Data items
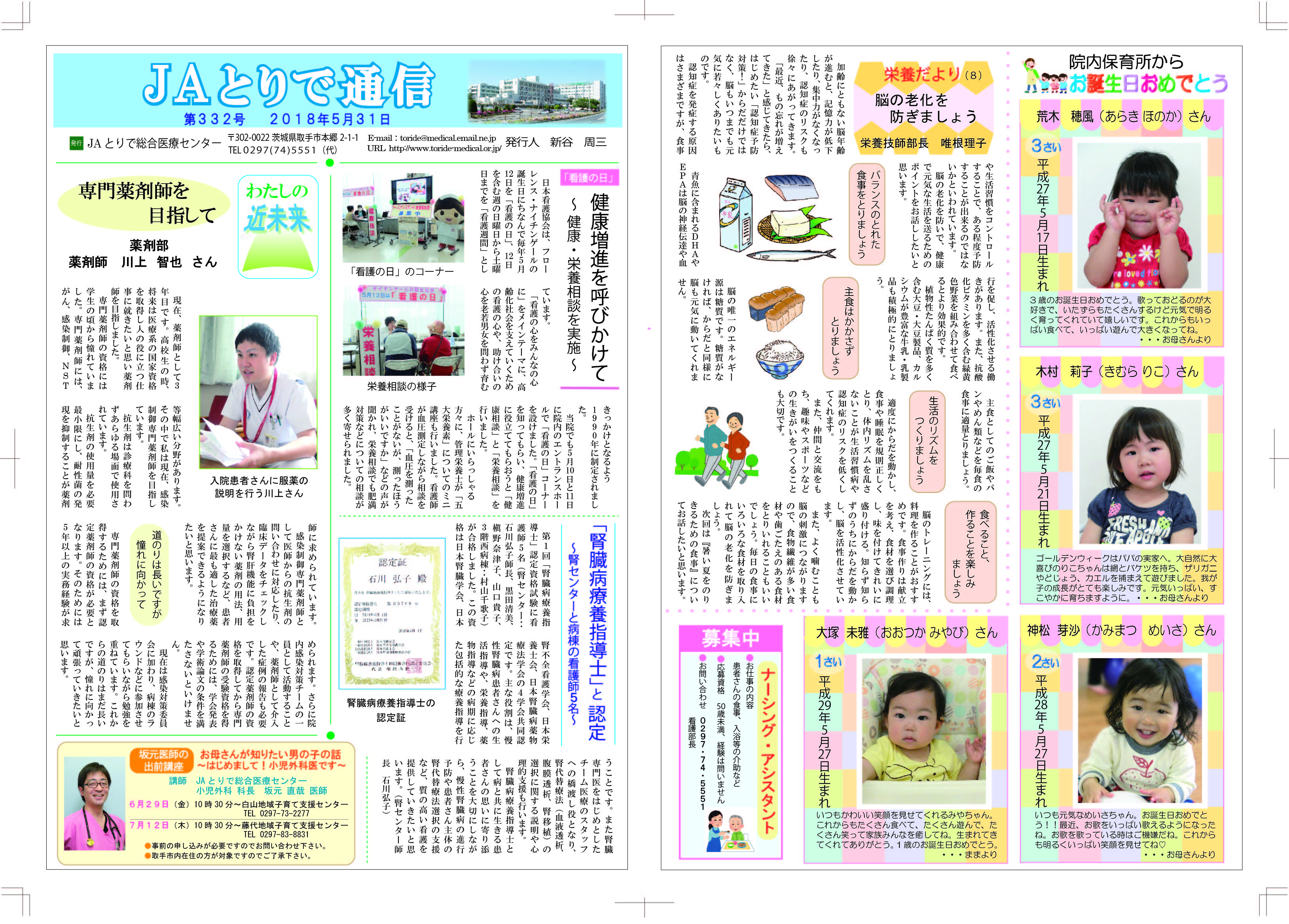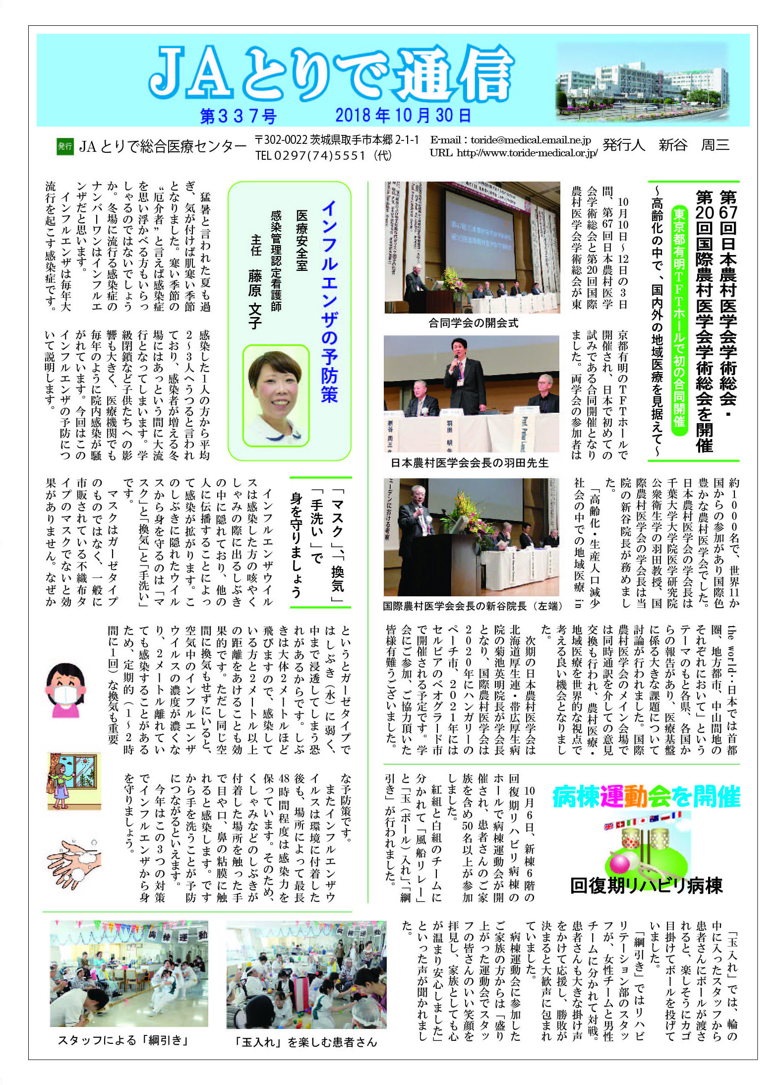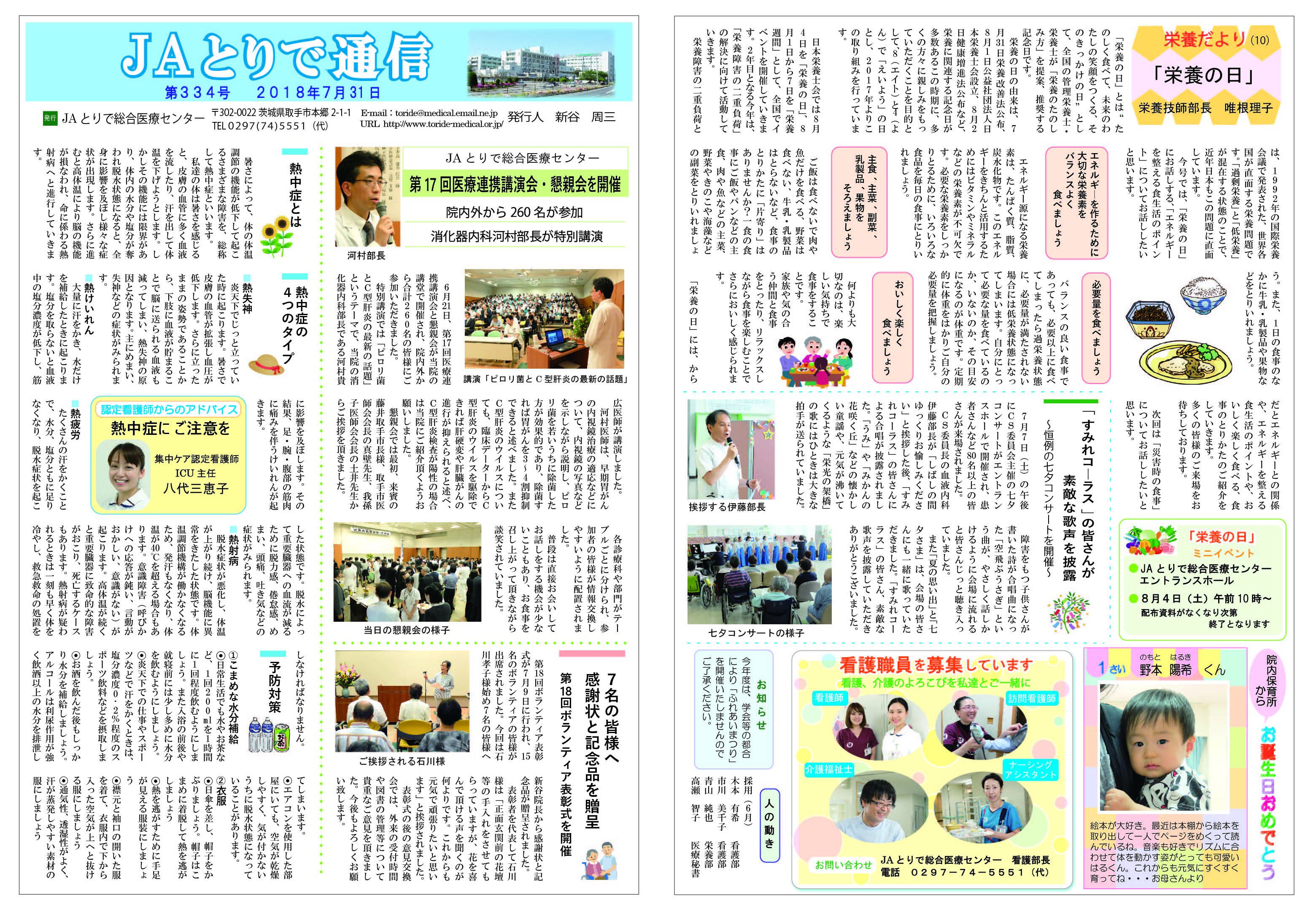 特集 感染対策委員会のご案内 全国厚生連栄養士協議会 全国統一献立 おすすめ郷土料理 茨城県そばいなり 連携医のご紹介 しばたキッズクリニック 院長 柴田佐和子 新人のご紹介 4階西病棟 病院のうごき ・第24回医療連携講演会・懇親会を開催 ・売店前のトイレにベビーシート(おむつ交換台)を設置 お知らせ ・各外来に呼出番号表示盤を設置します ・「JAとりで健康講話」2025年9月6日 ・祝日の月曜日の一部を開院します |
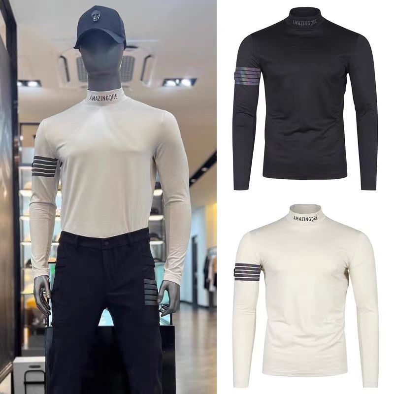 24 새로운 가을, 겨울 한국 골프웨어 남성 스탠드 칼라 패션 긴 소매 해골 탑
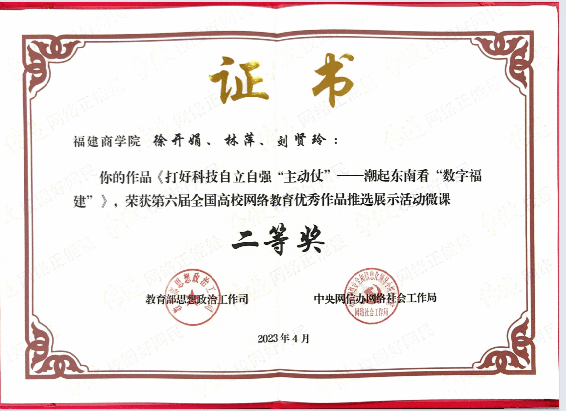 beat365徐开娟老师的作品《打好科技自立自强“主动仗”-----潮起东南看“数字福建”》,荣获第六届全国高校网络教育优秀作品推选展示活动微课二等奖。
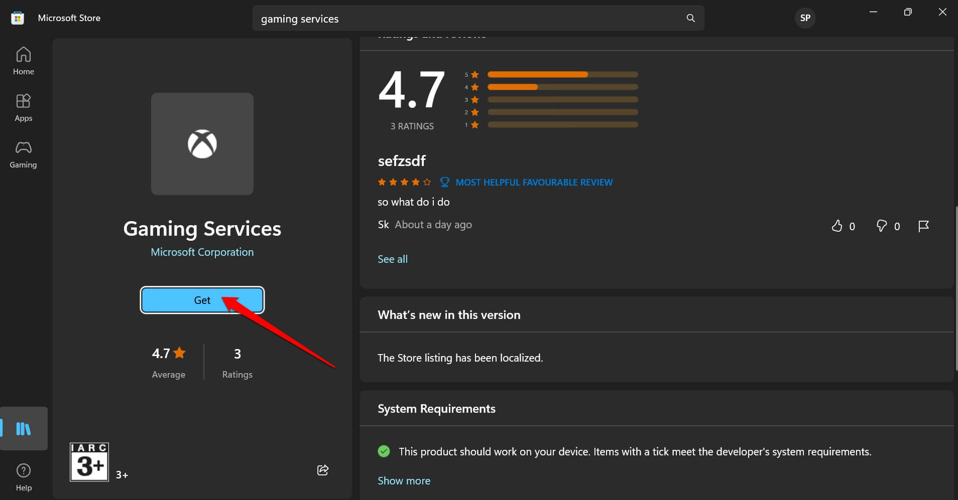 - 接下来,从 Microsoft Store 安装游戏服务。
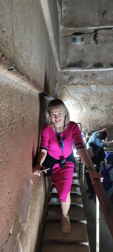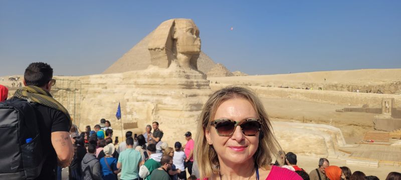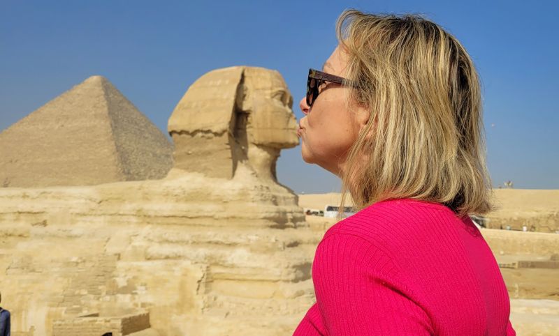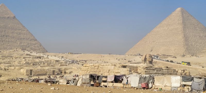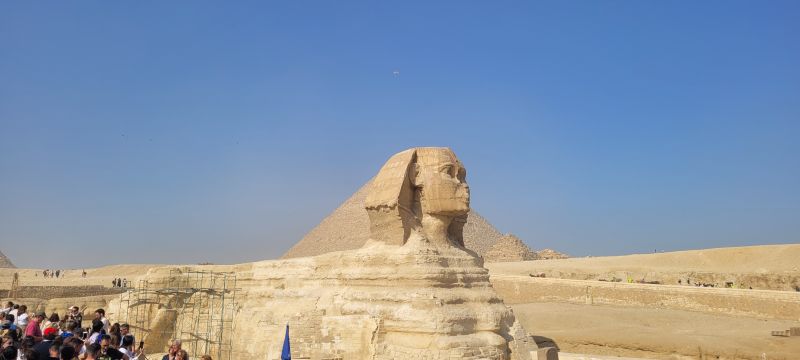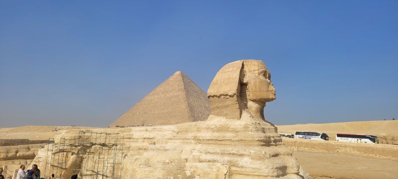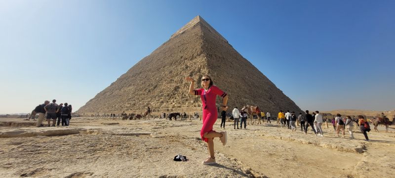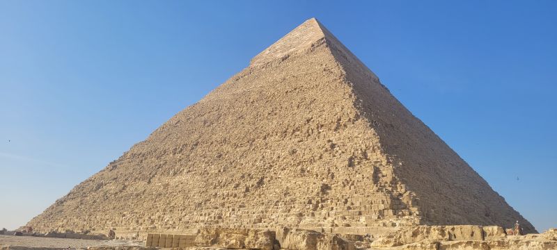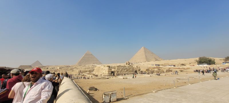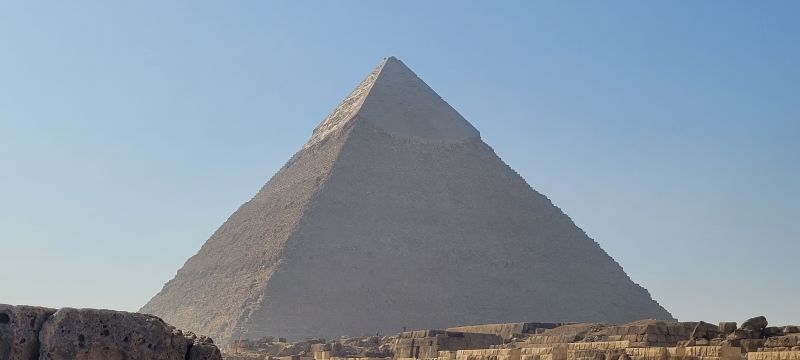 A la salida de la pirámide de Keops nos diriginos a la de Kefrén, que tiene diez metros menos de altura, aunque visualmente parece más alta debido a que está construida en una pequeña elevación del terreno y presenta un ángulo más inclinado en sus caras (el ángulo sagrado egipcio), utilizado en algunas pirámides posteriores.
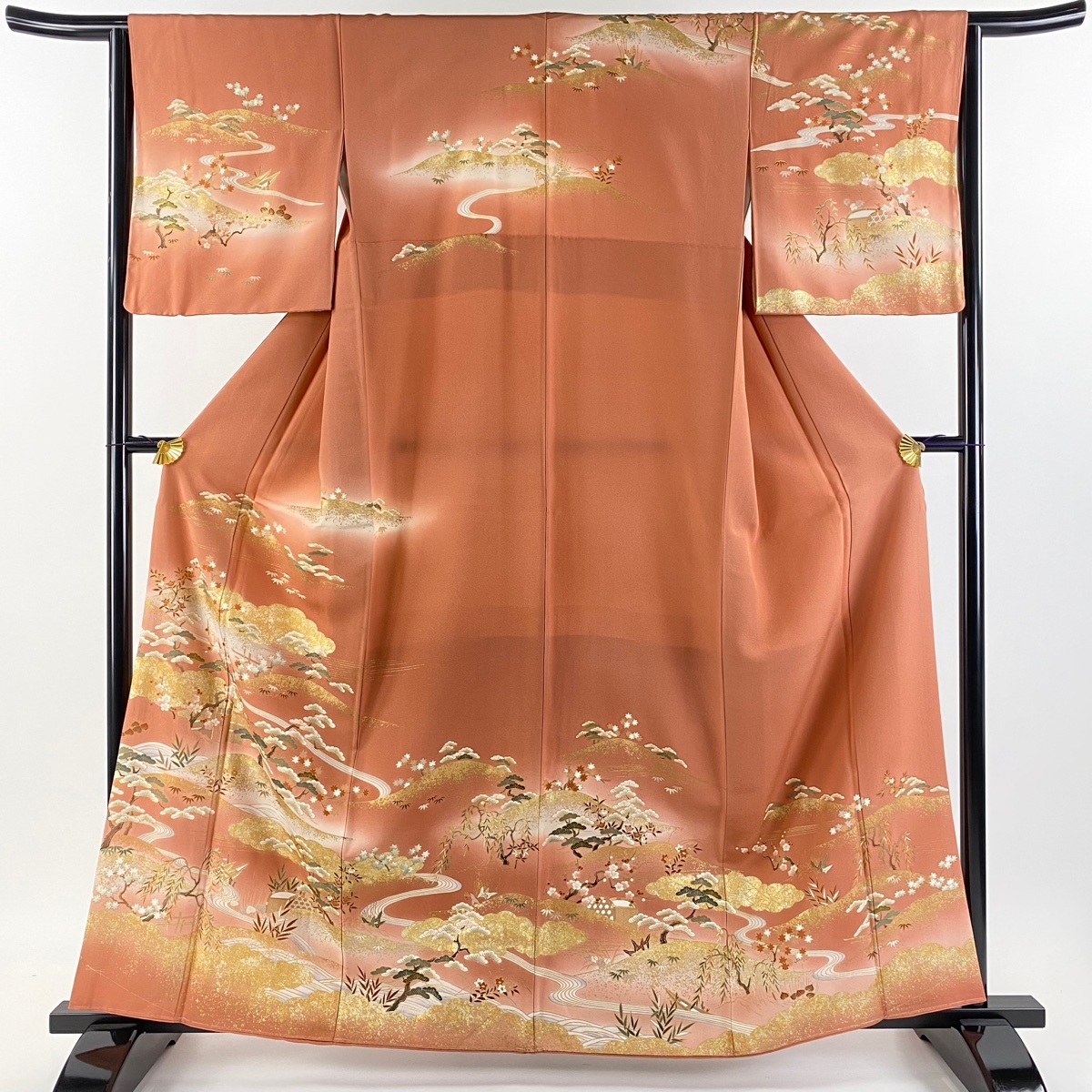 - 訪問着 身丈161cm 裄丈63.5cm S 袷 松竹梅 雲文 金糸 金彩 サーモンピンク 正絹 秀品 【中古】
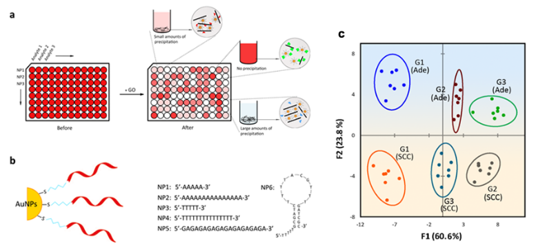 图3:基于ssDNA-GNPs-GO体系的比色阵列用于肺癌分型与分期的鉴别。
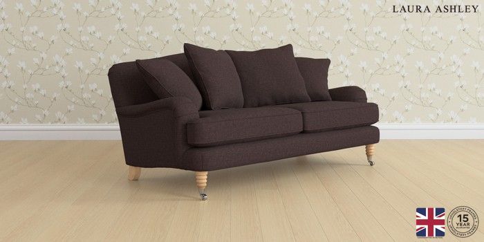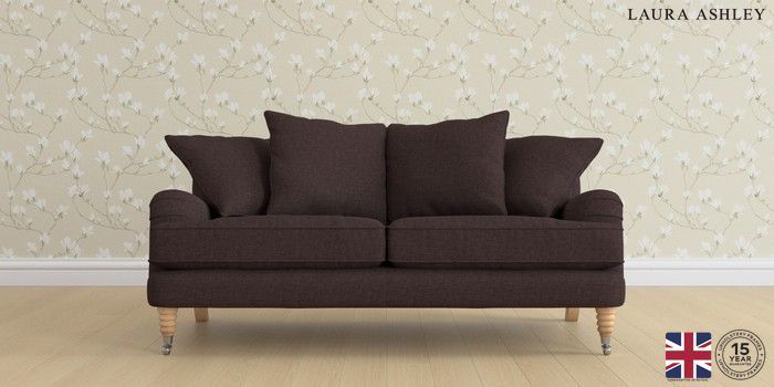 7.0.3 Buy Lynden Scatter Back by Laura Ashley 3 Seater Small Sofa Bainton Chocolate Brown Ornate Chrome Castor - Light Oak from the Next UK online shop Click here to use our accessible website
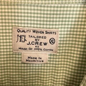 J. Crew Sage Green White Mini Gingham Check LS Button Down Shirt Size XL
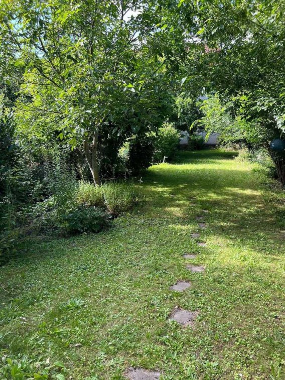 große, uneinsehbare Gartenidylle mit massiven Gartenhaus.
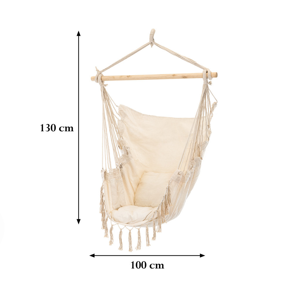 Scaun hamac suspendat Leziter Puerto bej, 130x100 cm, perne incluse
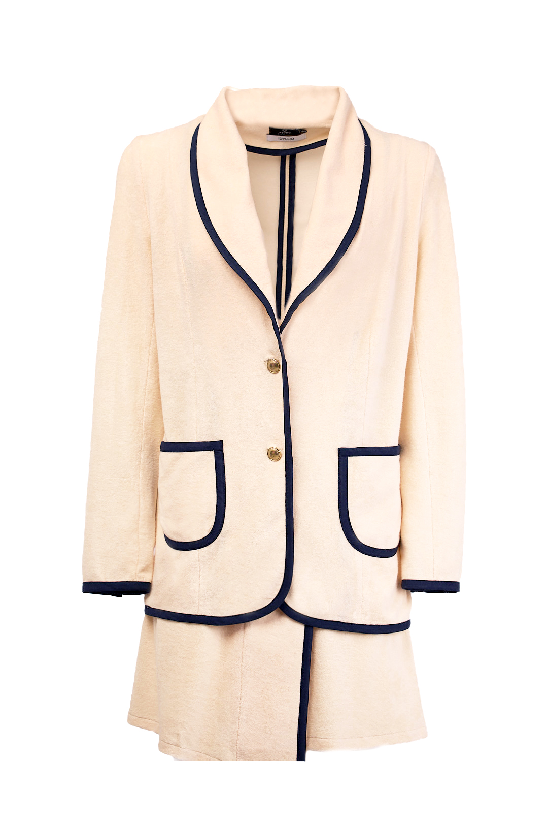 Softly tailored in plush ivory terry, the Vanilla Terry Blazer pairs minimalist elegance with deep navy piping and a breathable silhouette—designed for refined summer ease.
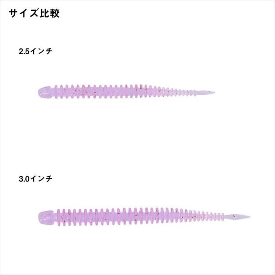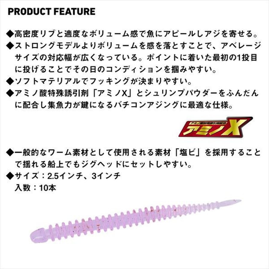 バチコンアジングで最初の1投目に投げたいミドルサイズのボリューム感。高密度リブと適度なボリューム感で魚にアピールしアジを寄せる!MIDモデル:ストロングモデルよりボリュームを感を落とすことで、アベレージサイズの対応幅が広くなっている。ポイントに着いた最初の1投目に投げることでその日のコンディションを掴みやすい。ソフトマテリアルでフッキングが決まりやすい!アミノ酸特殊誘引剤「アミノX」とシュリンプパウダーをふんだんに配合し集魚力が鍵になるバチコンアジングに最適な仕様。一般的なワーム素材として使用される素材「塩ビ」を採用することで揺れる船上でもジグヘッドにセットしやすい!
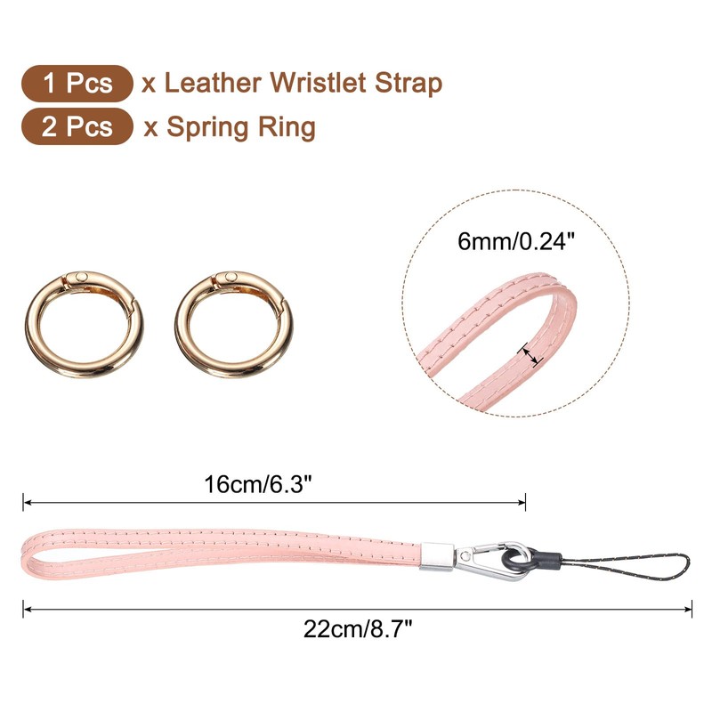 - Package Includes: 1 pcs pink leather wristlet strap and 2 pcs key rings. The strap's total length is 22cm/8.7 inch, the loop length is 16 cm/6.3 inch, and the strap width is 6mm/0.24 inch.

* [Work instruction]: The answer must be the lines above, word for word, from the first one through the line with "バチコンアジングで最初の1投", pictures excluded.

* [Solution]:
 特集 感染対策委員会のご案内 全国厚生連栄養士協議会 全国統一献立 おすすめ郷土料理 茨城県そばいなり 連携医のご紹介 しばたキッズクリニック 院長 柴田佐和子 新人のご紹介 4階西病棟 病院のうごき ・第24回医療連携講演会・懇親会を開催 ・売店前のトイレにベビーシート(おむつ交換台)を設置 お知らせ ・各外来に呼出番号表示盤を設置します ・「JAとりで健康講話」2025年9月6日 ・祝日の月曜日の一部を開院します |
 24 새로운 가을, 겨울 한국 골프웨어 남성 스탠드 칼라 패션 긴 소매 해골 탑
 beat365徐开娟老师的作品《打好科技自立自强“主动仗”-----潮起东南看“数字福建”》,荣获第六届全国高校网络教育优秀作品推选展示活动微课二等奖。
 - 接下来,从 Microsoft Store 安装游戏服务。
 A la salida de la pirámide de Keops nos diriginos a la de Kefrén, que tiene diez metros menos de altura, aunque visualmente parece más alta debido a que está construida en una pequeña elevación del terreno y presenta un ángulo más inclinado en sus caras (el ángulo sagrado egipcio), utilizado en algunas pirámides posteriores.
 - 訪問着 身丈161cm 裄丈63.5cm S 袷 松竹梅 雲文 金糸 金彩 サーモンピンク 正絹 秀品 【中古】
 图3:基于ssDNA-GNPs-GO体系的比色阵列用于肺癌分型与分期的鉴别。
 7.0.3 Buy Lynden Scatter Back by Laura Ashley 3 Seater Small Sofa Bainton Chocolate Brown Ornate Chrome Castor - Light Oak from the Next UK online shop Click here to use our accessible website
 J. Crew Sage Green White Mini Gingham Check LS Button Down Shirt Size XL
 große, uneinsehbare Gartenidylle mit massiven Gartenhaus.
 Scaun hamac suspendat Leziter Puerto bej, 130x100 cm, perne incluse
 Softly tailored in plush ivory terry, the Vanilla Terry Blazer pairs minimalist elegance with deep navy piping and a breathable silhouette—designed for refined summer ease.
 バチコンアジングで最初の1投目に投げたいミドルサイズのボリューム感。高密度リブと適度なボリューム感で魚にアピールしアジを寄せる!MIDモデル:ストロングモデルよりボリュームを感を落とすことで、アベレージサイズの対応幅が広くなっている。ポイントに着いた最初の1投目に投げることでその日のコンディションを掴みやすい。ソフトマテリアルでフッキングが決まりやすい!アミノ酸特殊誘引剤「アミノX」とシュリンプパウダーをふんだんに配合し集魚力が鍵になるバチコンアジングに最適な仕様。一般的なワーム素材として使用される素材「塩ビ」を採用することで揺れる船上でもジグヘッドにセットしやすい!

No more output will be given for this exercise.